А потом ходил по деревне с ружьём и искал Петьку. Искал и на другой день, и на третий. Может, чтобы спасибо за спасённых жену и дочку сказать, но Петька ему на глаза попадаться не торопился. Вот и сегодня, как только завидел, так сразу в проулок свернул и задами домой пробрался.
Посидел, обдумал ситуацию и теперь вот сочинял заявление, чтобы отправить его с Владимиром Ивановичем своему начальству. Петька долго сидел над листком бумаги, ещё раз протёр стёкла очков и стал выводить своим почти неразборчивым для нормального человека, зато легко доступным людям с медицинским образованием, почерком: «В просьбе моей прошу не отказать! Я готов продолжить работу на любом другом фельдшерско-акушерском пункте, самом удалённом от центра».
Петька поставил точку, аккуратно расписался и вывел дату. Вроде бы всё правильно, хотя его ФАП считался в районе самым удалённым, и дальше ссылать было некуда. Едва Петька закончил писать, отодвинул лист на край стола и начал искать конверт, пришёл Владимир Иванович.
– Сейчас я вам чайник поставлю, – засуетился Петька.
– Да не нужно ничего, Пётр. Меня там и накормили, и напоили. А тебе я ещё раз комплимент должен сказать: молодец! Ну, честное слово, талант! Золотые руки! – Сел за Петькин стол, вытянул ноги, прислонился спиной к стене. – Хорошо тут у вас. Благодать! А народ какой милый! Сердечный! А что ты тут пишешь?
Владимир Иванович подтянул к себе заявление, достал очки.
– Ты это чего?
– Да жить мне тут, Владимир Иванович, в этой благодати среди сердечных людей день-два осталось. Пока Фёдору под пьяную руку не попадусь. Застрелить он меня грозится.

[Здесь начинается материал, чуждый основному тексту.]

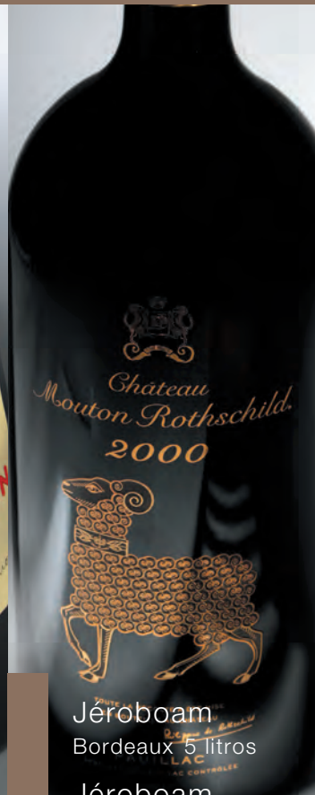
Jéroboam Bordeaux 5 litros Jéroboam Outras regiões 3 litros

И Петька кисло усмехнулся.
– Давай рассказывай по порядку.
– Да Фёдор, ну, муж роженицы, у магазина мужикам говорил, что меня обязательно пристрелит, потому что в районе ему гинеколог сына обещала, а получилась дочь.

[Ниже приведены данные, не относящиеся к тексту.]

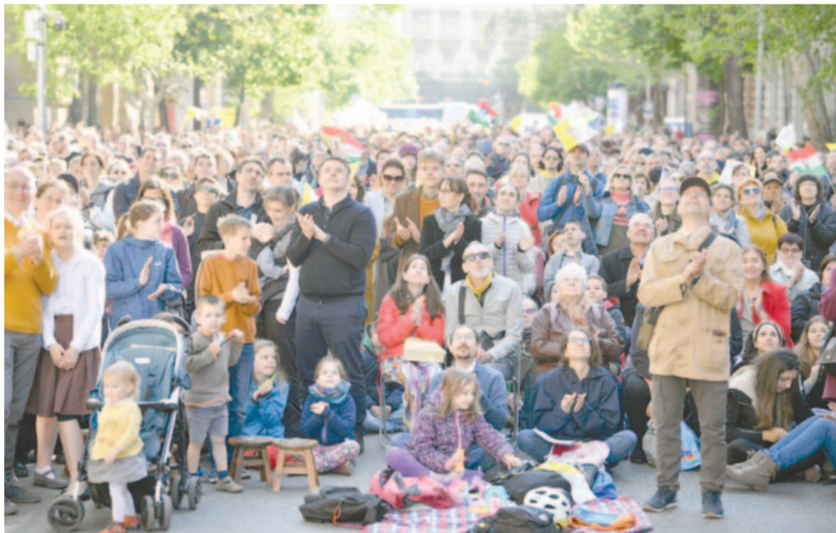
Részvevők Ferenc pápa Kossuth téri szentmiséjén
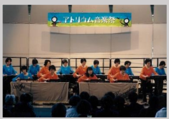
琴修会 春日井支部 玉川教室

Владимир Иванович расхохотался:
– Ну а ты-то тут при чём?
– Так вот как ему, пьяному, объяснишь? А ещё… – Петька сразу же залился краской. – За то, что я у его жены там, как он говорит, ковырялся.
– Ой, ну ты меня насмешил! Ой, насмешил! – хохотал Владимир Иванович. – Это что, у тебя шутка такая?
– Да какая шутка, когда я вот уже три дня ему на глаза боюсь попадаться. Мне продавец о том разговоре сразу же сказала, мол, надо вам, Пётр Иваныч, поостеречься, Федька в пьяном-то виде дурак дураком становится. Как бы и вправду чего не вышло. Вот я и прячусь, как партизан в глубоком тылу. А вам ничего не говорил, чтобы и вас не расстраивать.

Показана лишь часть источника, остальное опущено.